Eighty-nine-year-old Holocaust survivor Verona Phillips’ mind is a picture book – and its pages often turn back to her horrific experiences in World War 2 Nazi concentration camps when she was a young girl.
Those images left indelible prints on her mind. “I so often wish it would disappear. I still feel the pain and the anger. Never will I forget the smoke that consumed my life forever,” she says.
Phillips spoke in a frail, yet resilient, voice as she delivered her keynote speech yesterday to hundreds of people at this year’s Holocaust Remembrance Day at the Martyr’s Monument in the West Park Jewish Cemetery in Johannesburg.

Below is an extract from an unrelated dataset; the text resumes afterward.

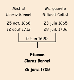 | Etienne Claraz Bonnel apparait dans la consigne des mâles de 1713. |

She is of Hungarian decent, born in Budapest, and remembers the day in 1940 that her home became hell. Adolf Hitler left his “blueprint” on the country in that year, she says.
Of the 6 million Jews killed in the Holocaust, 10% came from Hungary. Her two cousins were shot in front of her eyes “and I suffered eight miscarriages, after, from the torture”.
“One year before liberation, we were all marched to the concentration camps. I see a picture of my wonderful father, who was taken into the labour camps. My uncles and cousins were also taken into those camps.”
She never saw her father again. Phillips recalls a family photograph at their Budapest home, an image that overpowers all others.
“These memories flood back and I ask myself: why did I survive? How did I survive? Who am I? I am one of the last survivors of the concentration camps.”